Skeleton Puss in Boots. GAME: Stomp the Ogre. In the story, Puss convinces an ogre to turn into a mouse, then Puss eats him up. So get marshmallow mice or make your own candy mice, and tell everyone the story. Throw the ogre/mice on the ground and stomp them. Make sure you can clean up afterwards. The oldest son got the mill, the second son got the donkey,and the youngest son got Puss. Maybe a crazed donkey comes to attack, or get a millstone and people take turns wearing it, like the ticking bomb game. 
Cinderella -- except she's burned because playing in the cinders isn't good when your dress is flammable.
Cinderella -- the mice that got turned to footmen are eating somebody whose bloody, unrecognizable corpse is sticking out of the rotting pumpkin coach. Game: Try on the glass slipper. 
Goldilocks: Have three insane bears with body parts including golden hair, in their mouths. The game should involve beds, bowls of porrige or sitting in chairs. Maybe musical chairs?
Rapunzel or Rumpelstiltskin -- someone strangled with a rope of gold Either it's Rapunzel's hair, or the straw that got spun into gold. 
Rumpelstiltskin game: Guess everyone's middle name? Get a garden gnome, name it and put the name in a sealed envelope. Guess the gnomes name.
Or, the prince from Rapunzel, eyes poked out and face all bloody from the thorns he fell into. Game: Stick the Thorns in the Princes Eyes -- like Pin the Tail on the Donkey. Everyone gets two thorns and two chances to blind the prince. Or, Climb Rapunzel's Hair. Hang a yellow rope ladder from a tree branch. Put a prize on the branch.
Red Riding Hood is a Vampire or Werewolf. Or, have somebody in a wolf costume with his gut torn open, and one can see Grandma parts or Red Riding Hood parts (in many versions, she gets eaten too). The huntsman is crazed, and running around with a bloody axe.
Game: Cut out wolf paw prints and tape them to the ceiling in a pathway. People are given a mirror, and they have to follow the path by looking only in the mirror. This is more an activity than a game.
101 Dalmations -- have a pile of skinned puppies and Cruella is there wearing the coat! GAME: How Many Skinned Puppies Does It Take to Make A Coat? (you can actually get a fairly good answer by asking a furrier how many foxes it takes to make a coat, I bet). Alternatiave game: Have a jar full of bloody Beanie Baby puppies and Guess The Dead Puppies in the Jar. Um, you know what music goes with this game, right?
Jack and the Beanstalk: Bake bone-shaped bread, or wrap dough around large bones (? maybenot) and bake them -- I'll grind his bones to make my bread. Also, Magic Bean Dip. Game could be about beans, or beanstalks and leaves. Get some rope, attach some fake leaves, and throw it up,trying to hook on a ceiling hook (Grow a Magic Beanstalk Game). Gift basket: Chili fixins. With magic beans.
Jars with children's story things in them. The game is Guess the Fairy Tale or Children's Story. Possible items: Three Bears in a jar. Golden Hair in a jar (goldilocks or rapunzel). Cat litter (puss in boots). Beans. Mouse in tea (Alice in Wonderland). Horse head in a jar (Misty of Chincoteague, Black Beauty, anything with horses). 

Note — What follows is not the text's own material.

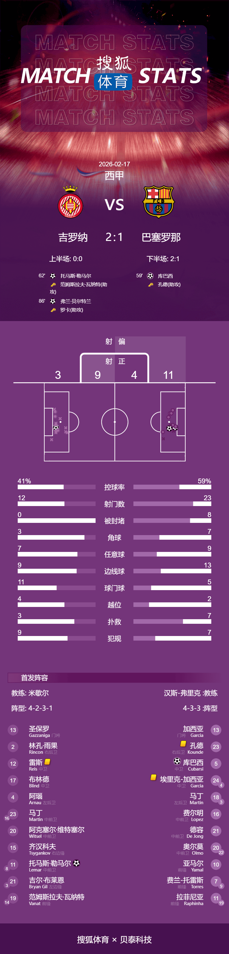 北京时间2月17日凌晨4:00,西甲联赛第24轮,巴塞罗那在客场对阵赫罗纳。上半场比赛,拉菲尼亚中柱,亚马尔补时阶段罚丢点球,半场双方0-0战平;下半场,库巴西帮助巴萨取得领先,勒马尔秒扳平,贝尔特兰第86分钟贡献绝杀,最终巴萨1-2不敌赫罗纳,本轮过后积分榜被皇马反超2分。

Now I have to go read Grimms and LaFontaine again.


----------



## Seante (Sep 27, 2010)

Those ideas are so great!!!! Thank you so much.


----------



## Seante (Sep 27, 2010)

Any other gift basket ideas? How about invitations....I want to give invitations that have something included with them ( like a toy or something) I dunno.


----------



## peeweepinson (Aug 18, 2003)

Try these links:

http://www.halloweenforum.com/party...sted-fairy-tale-menu-need-help-ideas-pls.html

http://www.halloweenforum.com/party...rty-decoration-plans-twisted-fairy-tales.html

http://www.halloweenforum.com/party-ideas-experiences-recipes/91005-scary-tales-party.html

http://www.halloweenforum.com/general-halloween/75610-scare-tactic-ideas-needed.html


----------



## diajoh (Sep 25, 2010)

Gift basket ideas:
Wizard of Oz: A yellow brick (yellow sponge, preferably bath); Emerald City Cleansing Foam (any green liquid soap with the label removed. make your own label to go over it. Or, get a clear glass jar, label it, and then pour green liquid soap,even Palmolive, into it). Flying Monkey (sock monkey with wings), Make Your Own Tin Man kit (tin foil and duct tape in a paper bag).
Alice: Jar of really nice jam (not your regular stuff. Find a ball-shaped jar of jam in a good shop), tea, cookies shaped like spades, hearts, diamonds and clubs, or like playing cards. A deck of cards. Magic Mushrooms (um, could be a notebook with a mushroom motif, a bag of dehydrated mushrooms, etc. Does not have to be psychodelic). A caterpillar stuffed animal. A rabbit's foot key ring. A dodo egg (big fake egg you can buy now. Fill it with prizes). Smoked oysters (keep them away from the walrus!). A walrus mask (I found directions to one of these today, but can't remember where!). A single red rose. Or white one, with a small tube or pot of red paint and a brush.
Cinderella: Mice from the pet store. Or, go to the dump and get a bunch of computer mice. Clean them up and put them inside a small pumpkin. A magic wand. Pumpkijn bread. A Prince CD. 
Snow White: seven garden gnomes or Wishnicks (they call them something else these days). Apples or ap ple butter and a little spreader, a hand-painted mirror: pick it up at a yard sale and do a nice paint job on it. Maybe cover the handle and back with Fimo or feathers and beads. A comb and brush set.


----------



## BunnyMummy (Jan 6, 2011)

If you do the bloody bunnies thing, don't let me know or share pictures...


----------



## Seante (Sep 27, 2010)

I bought my bunny last night LOL Going to decapitate it, remove the stuffing and then fill it with great stuff foam and then make some great stuff intestines and guts and then have it to where when you hold the bunnies ears, its stretched and dangling by its guts in the middle... LOL And it will show where I "sliced" it open. LOL


----------



## BunnyMummy (Jan 6, 2011)

^ That's disgusting... but I guess funny in a small way.


----------



## Seante (Sep 27, 2010)

Well when you are Evil Alice LOL in a world of demented fairy tales, nursery rhymes and stories....disgusting is a MUST haha.


----------



## PoisonApple (May 21, 2010)

I think musical chairs would fit really well with The Mad Tea Party. You know, "Trade Places!" "No Room, No Room!". 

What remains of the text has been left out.